When my husband told me he wanted to move from New York to Hong Kong, my first thought was: Really??!! My second thought was: What about Alex?
The youngest of our three sons, Alex is almost entirely deaf. He uses a cochlear implant and a hearing aid. At the time, Alex was finishing first grade. He had come a very long way. His language, reading, and general learning—all of which hold extra challenges for a child with hearing loss—were close to age appropriate. We had a carefully cultivated support network: a school we loved, a top-notch doctor, a teacher of the deaf, a speech therapist, and three—yes, three—audiologists (one for the implant, one for the hearing aid, one from the Board of Education to service his school).
Could we take him halfway around the world and start all over again?
Did his success depend on his particular situation or did it mean he was ready to move beyond it?
Furthermore, what weight did his hearing loss carry relative to all the other considerations that determine life decisions: your career versus my career, the cost of this versus the savings from that, the happiness of this kid versus the education of that kid, change versus status quo, thirst for adventure versus desire for rootedness? It was an equation for which the answer changed every time depending on how you valued each variable.
Alex’s needs counted for a lot, in my estimation. After he was diagnosed, I had stopped working for several years in order to focus on him. Already, my husband and I had quietly retired some visions of where and how we might live because of Alex. I would make all those decisions the same way again.
On the other hand, was I being more defensive and protective than necessary? Was I reacting out of weariness, clinging to the familiar? Yes, I was tired from the effort of getting to this point, and I felt safe in the security blanket I had woven for Alex. But he really was doing awfully well, and deaf children don’t just live in New York City. I opened the door to a small thought: it might not be impossible. Even such a tentative idea was freeing.
After some heavy deliberation, my husband and I sat our boys down and told them we were considering a move. The older two were shocked and teary, but Alex could barely contain himself. With his eyes even wider than usual and a grin on his face, he cried: “We’re moving to China! You’re the best parents ever!”
We were floored.
The other boys immediately protested. “He’s only six. He doesn’t understand.”
Alex was undaunted: “I want to see the Great Wall. I want to learn Mandarin, more than just Ni Hao. I’ll even try some Chinese food!”
His older brothers had a point. Alex couldn’t possibly grasp what it really meant to uproot our family. Neither could he think through how much more difficult it might be for him in particular to find a school, therapists, and a community that was as warm and nurturing of a child with a disability as the one we had in Brooklyn.

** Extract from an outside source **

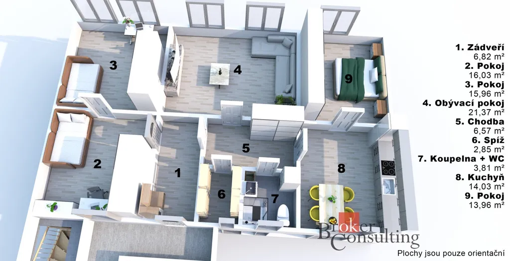Uvedené výměry jsou orientační. Veškeré zveřejněné údaje mají pouze informativní charakter a nepředstavují nabídku ve smyslu § 1731 nebo § 1732 občanského zákoníku, ani veřejný příslib dle § 1733 občanského zákoníku.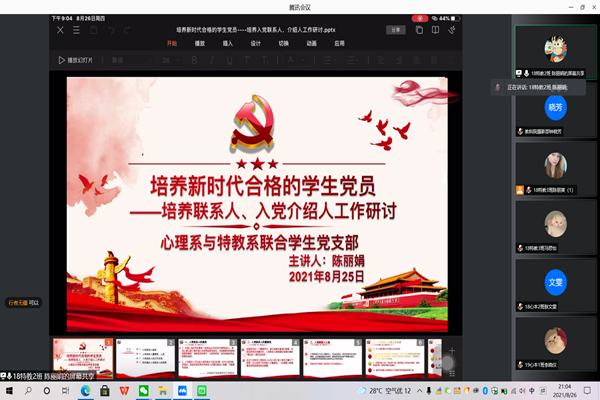 8月26日晚,教科院心理系与特殊教育系联合学生党支部举办主题为“培养新时代合格的学生党员——培养联系人、入党介绍人工作研讨”的2021年第14期生涯教育工作坊,此次工作坊由教科院心理系与特殊教育系联合学生党支部书记苏贵、学生党员陈丽娟、陈丽爽主讲,党支部副书记陈丽爽主持,党支部入党培养联系人、入党介绍人、预备党员共同参与本次工作坊的研讨学习。

On the other hand, Alex inspired me. I felt he was telling me something critical: “Let me go!” Hadn’t the whole point of the implant been to broaden his opportunities and let him exist in as wide a world as possible?
So I got on a plane to investigate what life in Hong Kong would look like. It wasn’t all encouraging. I left one school appointment in tears. There was no such thing as a teacher of the deaf. One speech therapist I interviewed had such a heavy Chinese accent it was hard even for me to understand her. We would have to buy some expensive, new equipment as the frequencies were different. And who would repair a broken hearing aid?
That last question is no small matter. The technology available for hearing loss today is astounding, but it requires every parent to become a troubleshooting guru. In the space of one two-year period, for example, Alex’s processor (the external piece of his implant) was repaired fifteen times.
But we moved anyway. My husband’s career and the chance for larger life experiences won out. We won’t stay in Hong Kong forever, and Alex’s hearing is one reason, but not the only one. In fact, as we come to the end of our first year, ironically, Alex is the least of my worries. Unlike the rest of us, Alex has suffered no bouts of homesickness, and middle school for my oldest has proved a bigger challenge than hearing loss.
Of course there have been glitches, technological and otherwise, (his hearing aid is in for repair as I write). Overall though, Alex has adjusted beautifully. He was accepted at a good school. He made friends quickly. He is managing to learn some Chinese. We found a speech therapist. He got to see the Great Wall.
Perhaps most significantly, our move has given both him and me new confidence in his abilities. We will factor that in to the next round of life decisions. And I take comfort in knowing that Alex is honing some critical skills: resilience, self-advocacy, and the ability to find an audiologist anywhere in the world.